Él dijo: «¿Quién eres, Señor?». Y le dijo: «Yo soy Jesús, a quien tú persigues; dura cosa te es dar coces contra el aguijón», Hechos 9: 5 (RV95).
Cuando era niño teníamos una pequeña granja cerca de Boulder, Colorado. Papá compró varias vacas lecheras para nuestro consumo y también para vender la leche. Fue a comprar las vacas y las llevaba en un remolque, una o dos a la vez, a nuestras cuadras. Ayudarlo fue un gran placer hasta que llegó con Queeney. Cuando papá y yo la bajamos del remolque, se fue al comedero. Poco después giró, me vio, y comenzó a correr hacia mí. Yo también corrí y salté la cerca; estuvo a punto de alcanzarme.
Sentí mucho miedo, así que siempre tuve cuidado de no cruzarme en su camino. Pero cuando me veía aproximarme al corral, se me acercaba. Como nos separaba la cerca, yo la provocaba. Evidentemente lo mismo le había sucedido en su hogar anterior, y no le agradaban los chicos.
Algunos meses después un cargamento de tubería se salió del camión y derribó a mi padre; se rompió el tobillo. Se lo enyesaron y no pudo trabajar durante varias semanas. Así que mi madre, mi abuela y yo tuvimos que ordeñar las vacas. Todas eran tranquilas, pero teníamos que sujetar a Queeney. Mamá ordeñaba las vacas en la mañana y a mí me tocaba en la tarde. La primera vez pasé con mucho cuidado de una vaca a otra. Pero cuando me senté en mi banquito a ordeñar a Queeney, de inmediato supo que tenía un ordeñador diferente. Volteó la mirada, me vio, y aun sujeta comenzó a dar coces. Me refugié entre dos vacas cercanas. ¡Caray, qué coces tan fuertes! Sentí alivio de no haber salido herido. Mamá terminó de ordeñar a Queeney y yo jamás volví a tocarla.

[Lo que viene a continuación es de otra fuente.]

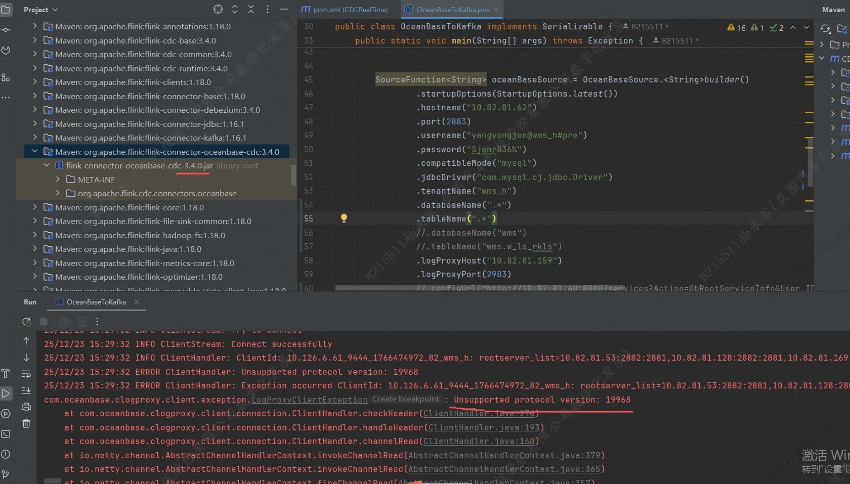 【问题描述】业务采用flink cdc去抽取OB数据库的binlog日志程序报错(报错请看附件),flink cdc 版本是3.1.1,采用的方案为该文档: https://nightlies.apache.org/flink/flink-cdc-docs-release-3.1/docs/connectors/flink-sources/oceanbase-cdc/#setup-oceanbase-and-logproxy-server
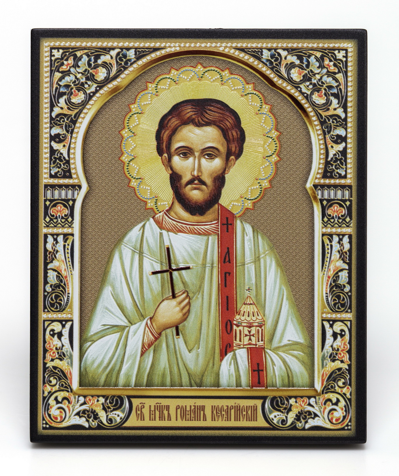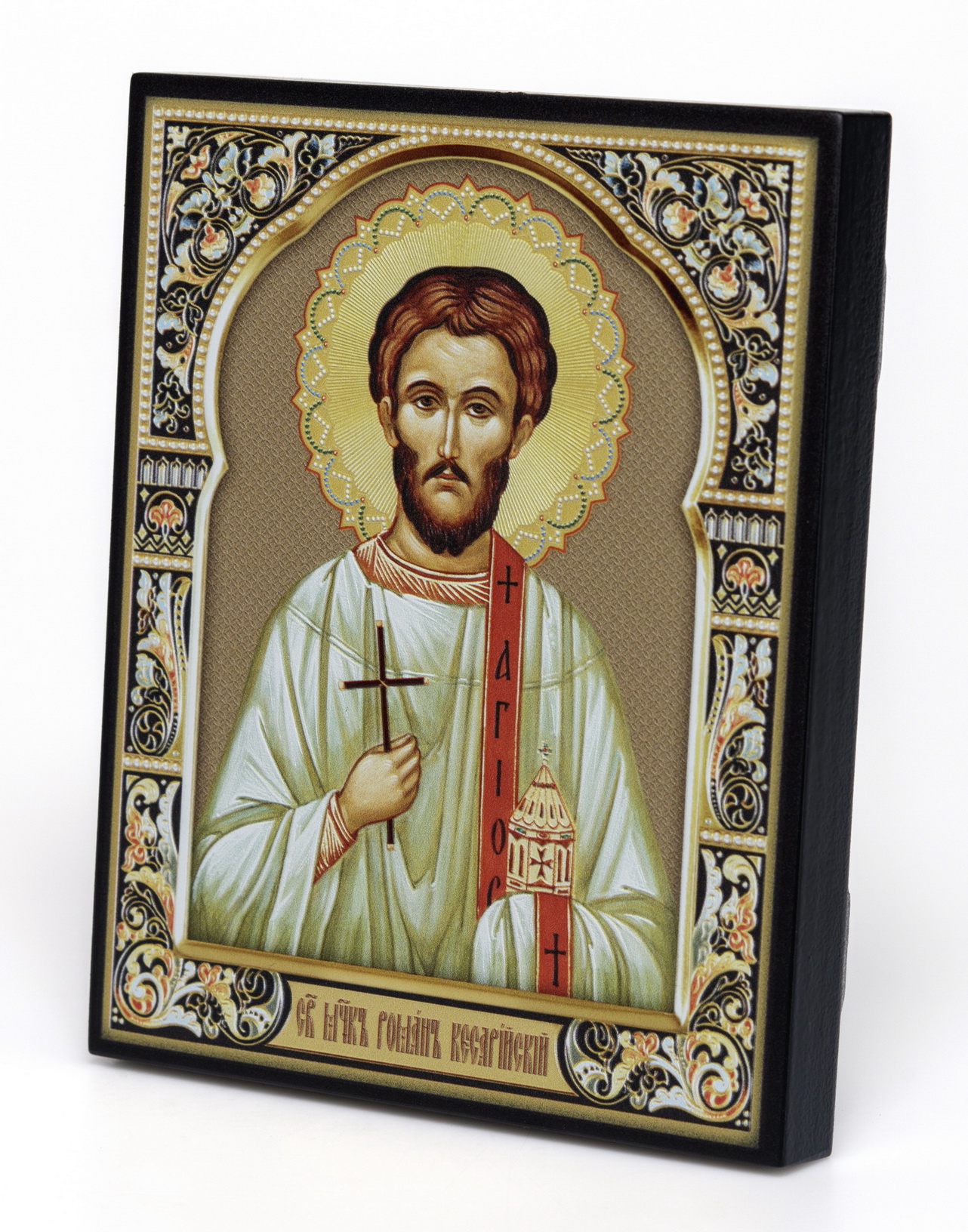 Икона на доске 13х15 объёмная печать, лак Роман Кесарийский,
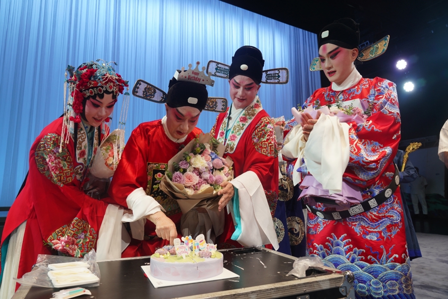 婉转的唱腔、细腻的身段、诚挚的表演,一群十七八岁的毕业生凭借6年戏校所学将昆曲传统戏《贩马记》里的悲欢离合演绎得令人动容。7月2日晚,上海戏剧学院附属戏曲学校2019级昆山昆曲委培班毕业大戏《贩马记》在天蟾逸夫舞台上演。84岁高龄的昆曲表演艺术家蔡正仁担任艺术指导,并在演出最后一场戏“三拉团圆”中献上精彩表演。谢幕后,爱徒张军和孙女蔡乐艺为他送上蛋糕,他在欢快的《生日快乐》歌声中许下心愿,愿昆曲事业后继有人、生生不息。
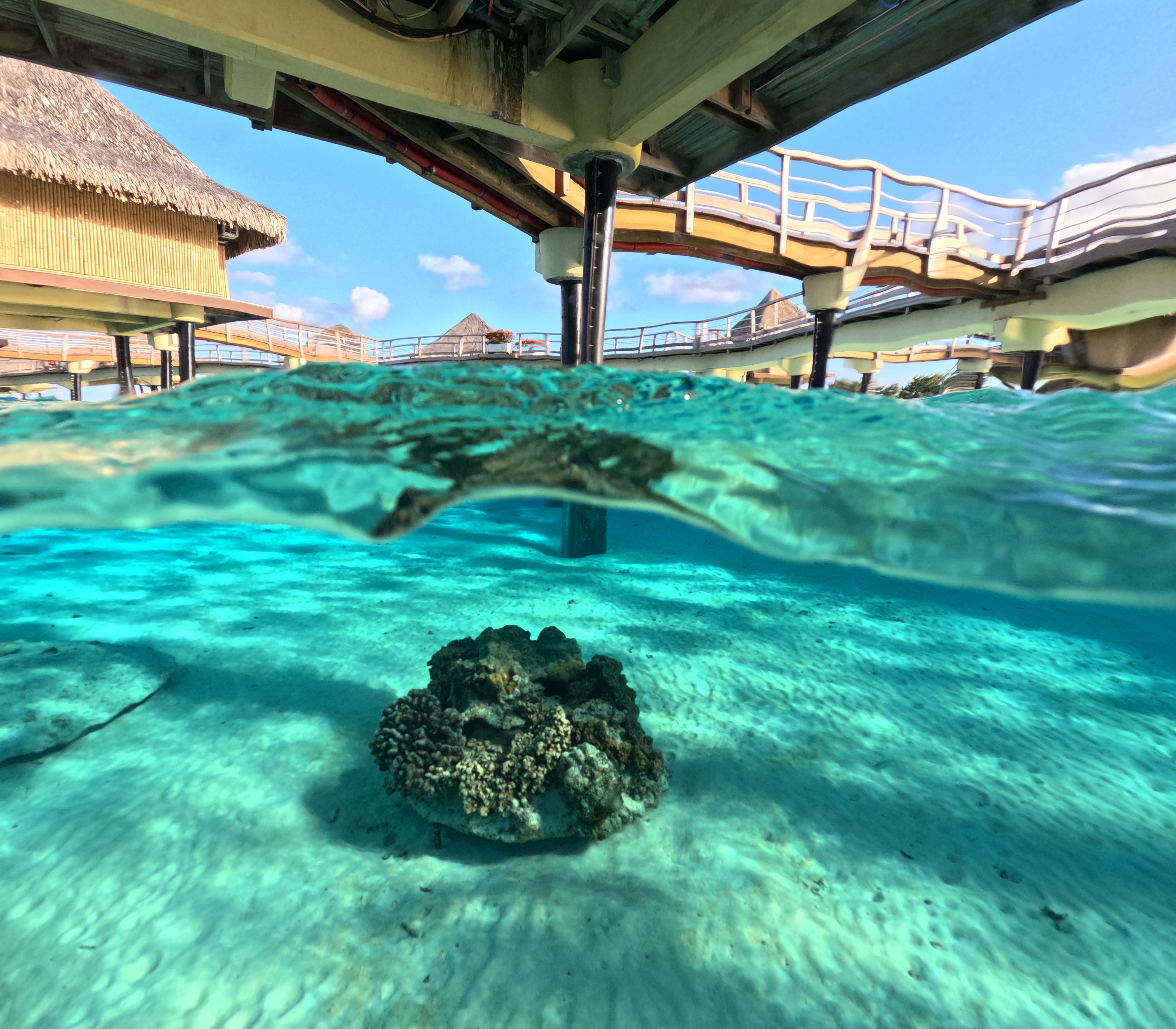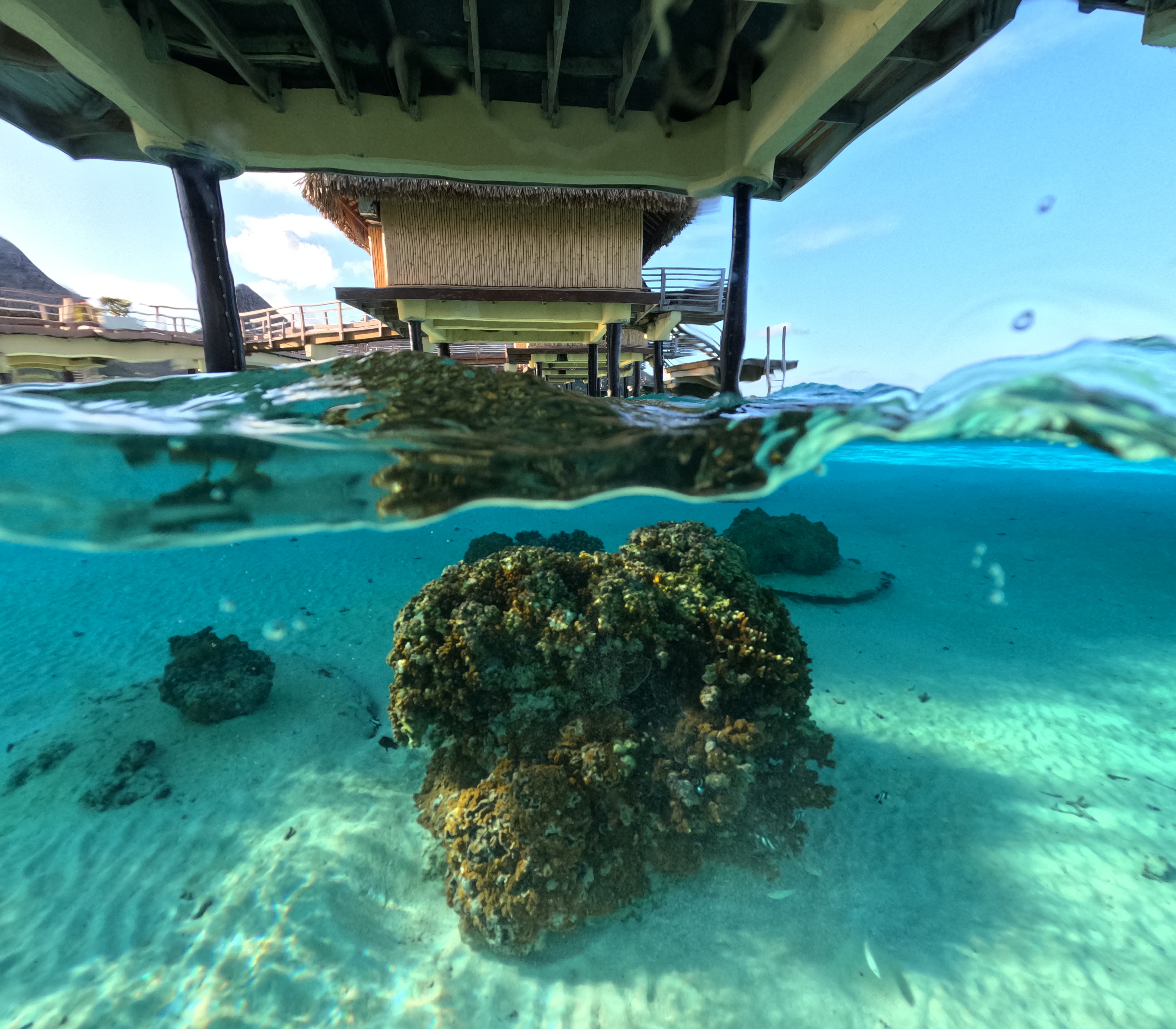 距离日落还有快两个小时,已经足够我们在水屋周边探索了。酒店有一个Dock可以进入深水区,坐飞机观光时就看到那边海水湛蓝清澈,一丛丛的珊瑚礁十分茂盛。我果断一个猛子跳进水里,然后一路游回了我们的水屋。
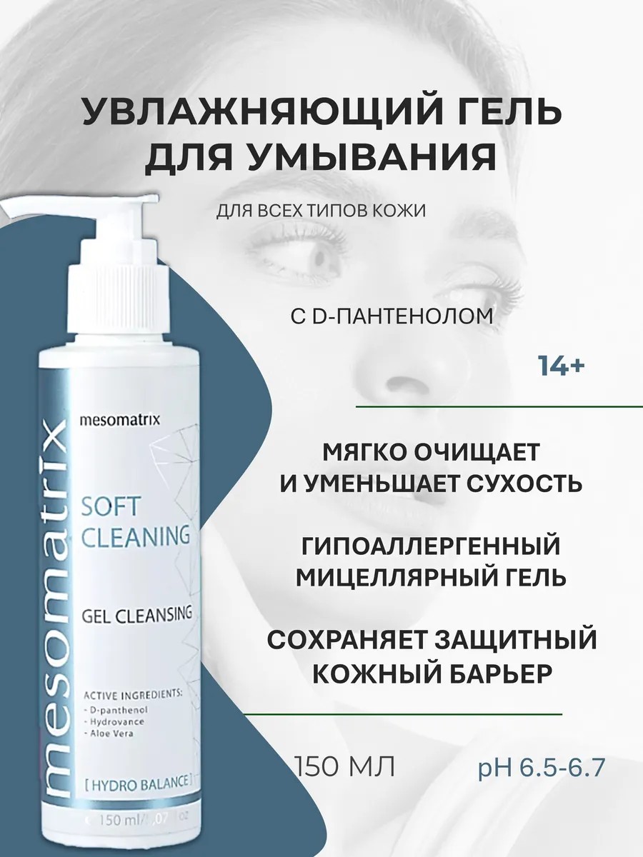 Mesomatrix SSoft Cleaning - гель для умывания лица с мягкими ПАВ для очищения всех типов кожи. Универсальный гель, который подойдет для нормальной, сухой, жирной, чувствительной кожи. Не пересушивает, не истончает эпидермис. Подходит для кожи, склонной к покраснению, шелушению, для кожи с куперозом и отдельными расширенными сосудами.
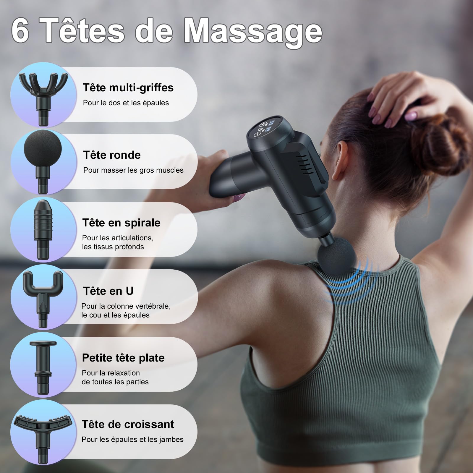 Offrez à votre corps le soin qu'il mérite. Grâce à notre pistolet de massage électrique, dites adieu aux tensions musculaires et à la fatigue. Dotée de plusieurs vitesses et têtes interchangeables , la cible avec précision chaque zone douloureuse.
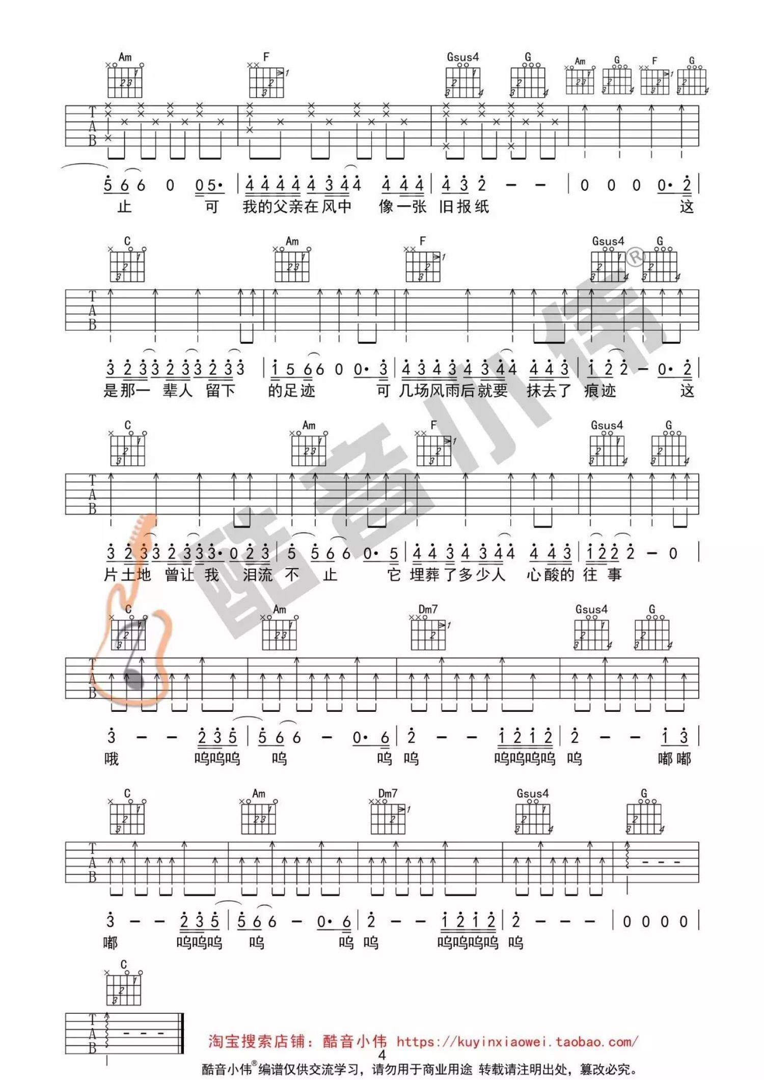 吉他弹唱C调来源:酷音小伟517 浏览2021-03-05 22:00发布图谱共4页
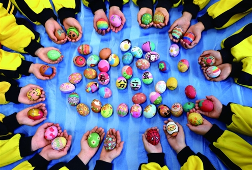 今天是春分节气,各地通过立蛋、做风筝等民俗活动,迎接春分到来。据了解,春分立蛋蕴含着人们欢庆春天的喜悦,同时也寓意希望生活蒸蒸日上,子孙鼎立。图为3月19日,在枣庄市文化路小学,学生们展示绘制的彩蛋。◎新华社发
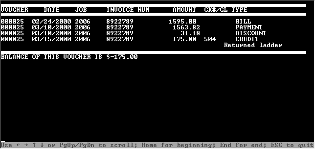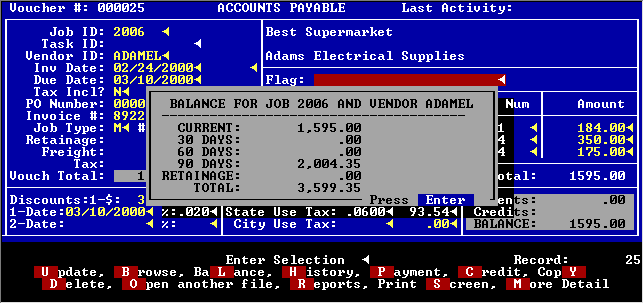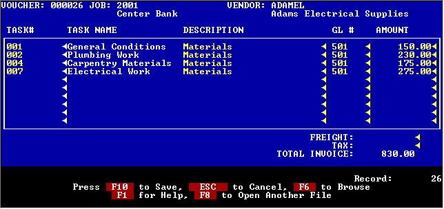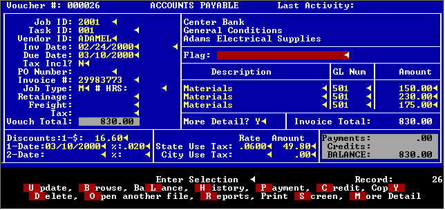 The Tax Included question is provided so that you can track sales tax paid if you choose. PO number may be entered and will link to TACT’s PO system if you are using it. TACT will warn you if you enter a duplicate invoice number for a vendor. You can also track subcontractor hours on the payable, if desired. The jobcost type determines where to put this cost in the jobcost system. The default is materials but you can choose to send this cost to subcontractors, service equipment or other costs. If you are withholding a portion of this invoice as retainage, you can enter it on this screen and the system will show it to you on your aged payables report. You will also be prompted as to whether or not you want to pay the retainage when paying bills by invoice. You can enter up to 10 GL distributions for each invoice - 3 on the first screen and an additional 7 on a second screen. You may also specify up to 10 tasks for each voucher. If you need to distribute one invoice to several jobs, you will use multiple voucher screens and the total for the invoice will be shown on each voucher screen. Freight and tax may be entered separately, if desired. A flag is available to mark this invoice to remind you while you are making payments by invoice. Invoices that are flagged are shown separately on the due date report as well. Any payments made or credits applied will show on this screen. The current balance of the invoice is always displayed. The last activity date is also shown. You can make a payment, apply a credit or use this invoice as a template to make a new AP entry.
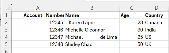 Step 1: Strip those White Spaces around Rows, Reduce 2 or more spaces to single space within a name, and capitalize each word
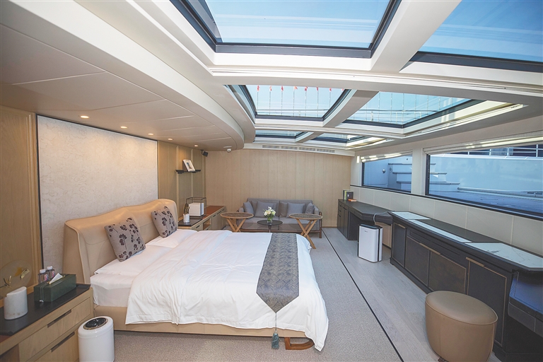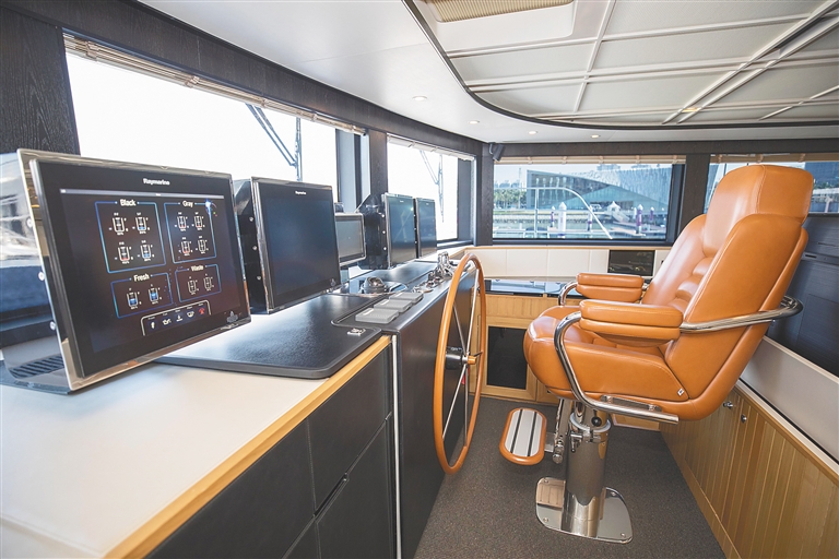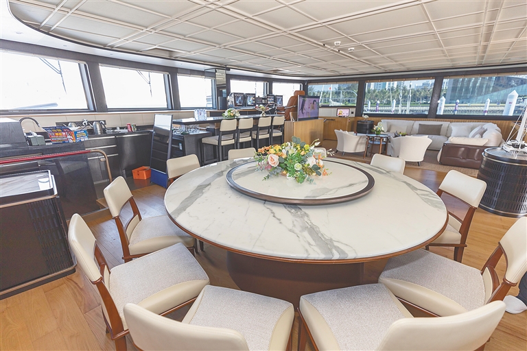 笔者在海口市国家帆船基地公共码头看到,锦龙46米超级游艇共4层,艇内有书房、健身房、KTV、酒吧等,各种设备一应俱全,犹如一个“可移动的海上私人别墅”,格外吸引人眼球。

Saulo perseguía a los cristianos pero Dios al final lo detuvo, y le preguntó por qué. Le dijo a Saulo que no debía dar coces contra él. Queeney estuvo a punto de darme una coz porque soy humano, pero nosotros no podemos darle coces a Dios. Él nos invita, como invitó a Saulo, a buscarlo y aceptarlo. Acepta hoy invitación.